Em 1976, terminou o colégio. Os irmãos mais velhos estudavam fora de Santa Cruz do Rio Pardo e a
situação financeira pedia uma solução mais sensata, então os pais decidiram mudar para São Paulo. A família
Mastrodomenico teve de se reinventar na capital.
Foram morar na rua São Carlos do Pinhal, atrás do prédio da Gazeta. O sonho de ser compositor estava mais próximo, porém, havia a expectativa dos pais para Guca cursar uma faculdade. Tentou alguns cursos difíceis de entrar (medicina e odontologia) porque queria vencer pelo cansaço. Sua intenção era ser músico.
Dois anos se passaram e seu irmão mais velho sugeriu o curso de jornalismo, na Faculdade Cásper Líbero – "do outro lado da rua." Para tranqüilizar a mãe que temia que o filho seguisse a desregrada carreira de músico, prestou vestibular e entrou.
Na Cásper Líbero, em 1979, conheceu Laert Sarrumor, Carlos Melo, Pituco e Lizoel Costa e formaram o Língua de Trapo, nos estertores do regime militar. No mesmo ano, iniciou uma colaboração na Folhinha de São Paulo, escrevendo uma página dedicada ao público adolescente.

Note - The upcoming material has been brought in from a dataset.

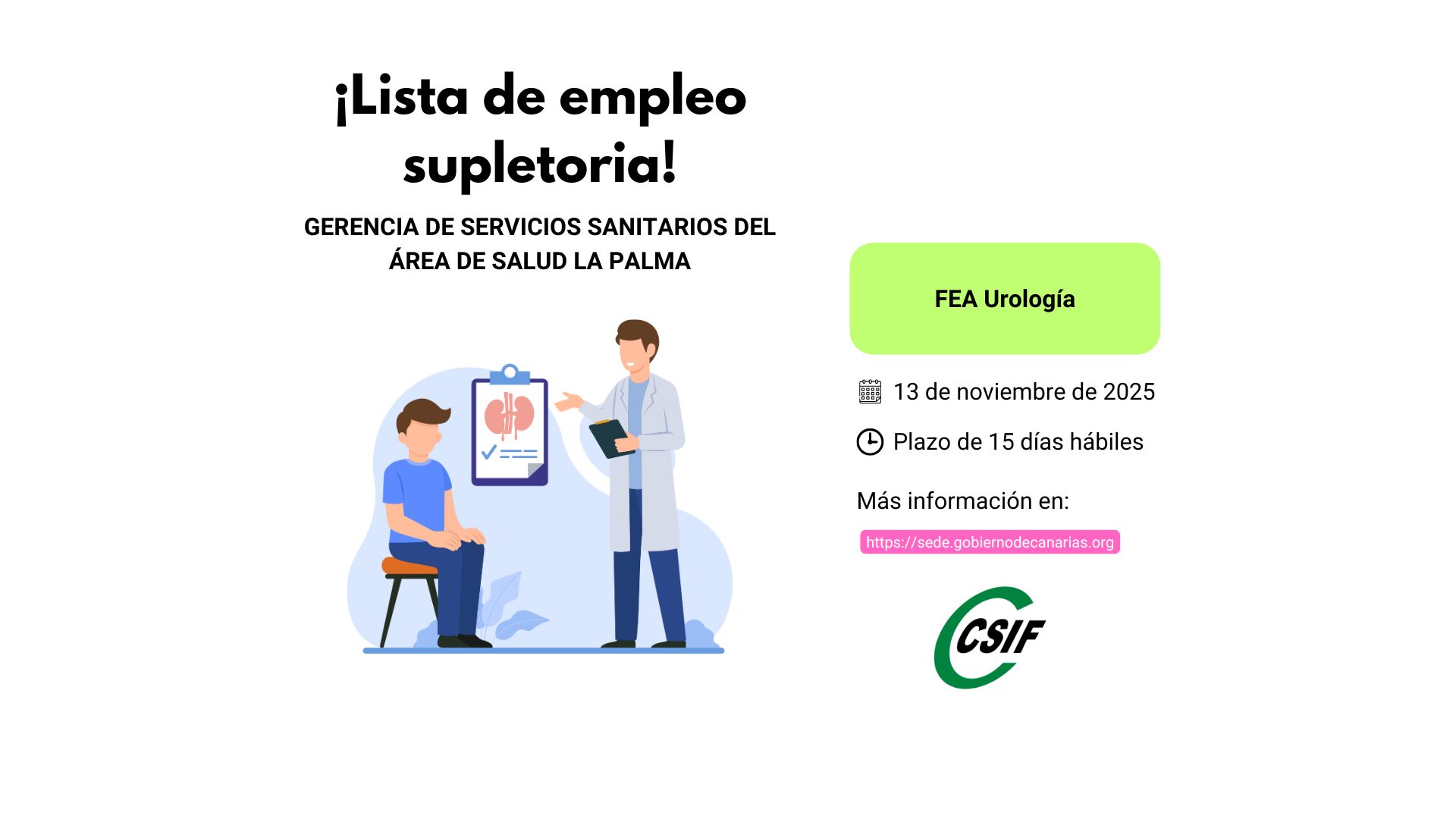 Convocatoria de proceso selectivo para la constitución de LISTA DE EMPLEO SUPLETORIA (Gerencia de Servicios Sanitarios del Área de Salud de La Palma)

O ano de 1981 foi um divisor de águas: terminou a faculdade, deixou o Língua de Trapo e a Folhinha, e começou a fazer Macrobiótica. A partir daí, a vida e a carreira de Guca Domenico tangenciaram para uma área (ainda) mais alternativa.
De 1982 a 1987 não fez shows e foi cozinheiro naturalista (Artemísia), marceneiro (Pau-Pau) e professor de violão popular (Conservatório Souza Lima).

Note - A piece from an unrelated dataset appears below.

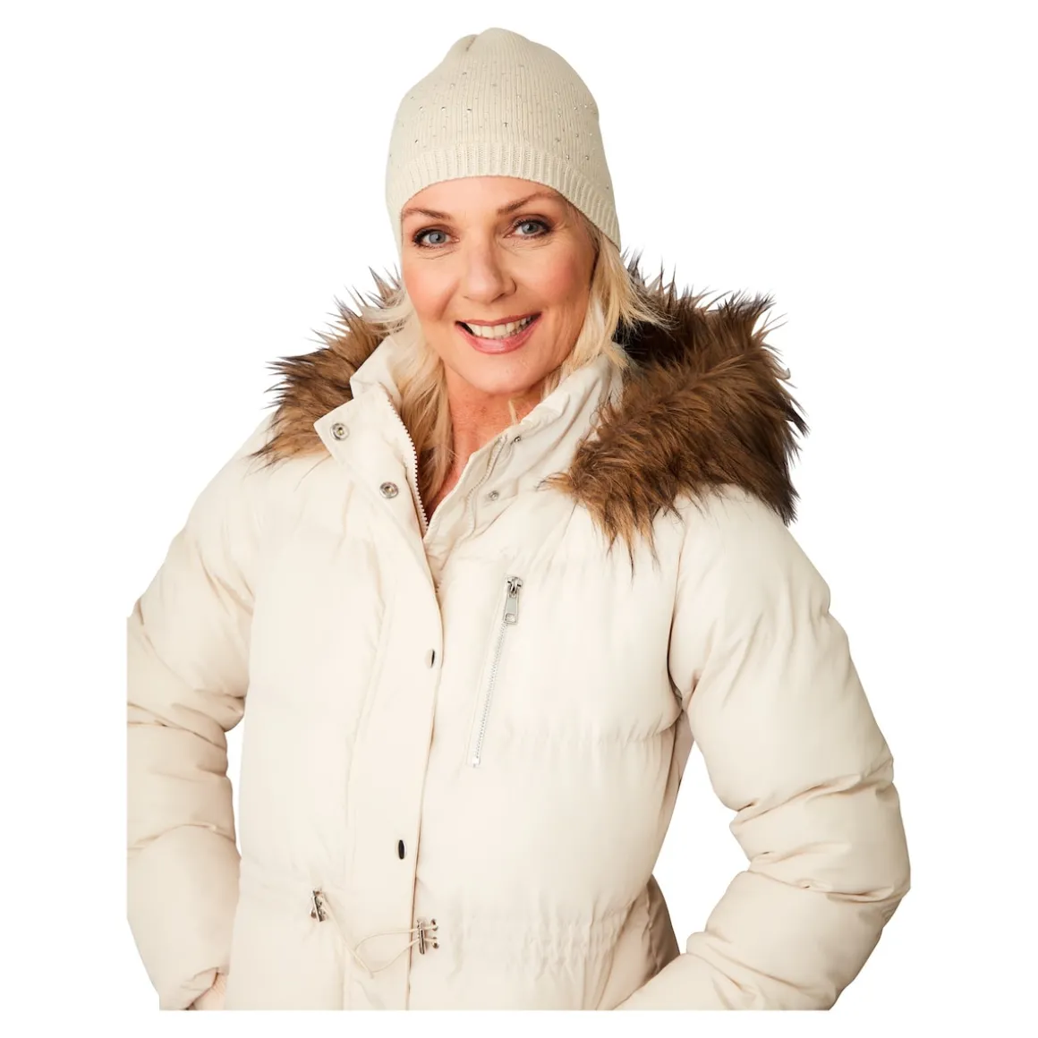 Wie Sterne in der Winternacht funkeln die Glitzersteinchen dieser zauberhaften Strickmütze. Die Mütze ist über und über mit glitzernden Steinchen besetzt. Ein stylisches Must-have gegen Winterfrost, das lange Freude bereitet.

No dia 13 de dezembro de 1987 voltou aos palcos, no Centro Cultural São Paulo, no show "Lá vem chegando a Esperança", com um repertório de canções esotéricas, que chamou de Música Holística.
Desde sempre, Guca Domenico escreveu poesia. A princípio, eram letras de música, depois foi se soltando da rigidez e da métrica. Em 1989, lançou o livro de poesias "Sete Poemas e Uma Flor", numa edição artesanal de luxo (100 exemplares) decorado com oshibana – técnica milenar oriental de ilustração com flores prensadas.

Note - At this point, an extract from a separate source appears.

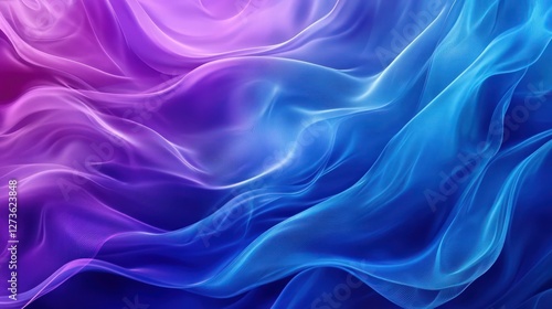 © Bushra, Fototapeta premium A vibrant abstract background with flowing, dynamic waves in shades of blue and purple. The design appears animated, with soft motion effects creating a mesmerizing gradient ripple pattern.

Em 1990, seguiu os passos da mãe ao trabalhar como professor de Educazione Musicale, na Scuola Eugenio Montale, em São Paulo. A princípio, aceitou o convite para atender a um colega que estava deixando a escola e não queria que se perdesse o trabalho realizado com os alunos. Guca relutou, mas acabou aceitando. Para sua sorte. Na Eugenio Montale reencontrou suas origens italianas.
Em 1992, lançou o LP "Veloz" (Draps Songs), com 14 canções de sua autoria e Gerson Ney França.
No mesmo ano foi convidado para trabalhar como ator de publicidade e participou de mais de 50 filmes.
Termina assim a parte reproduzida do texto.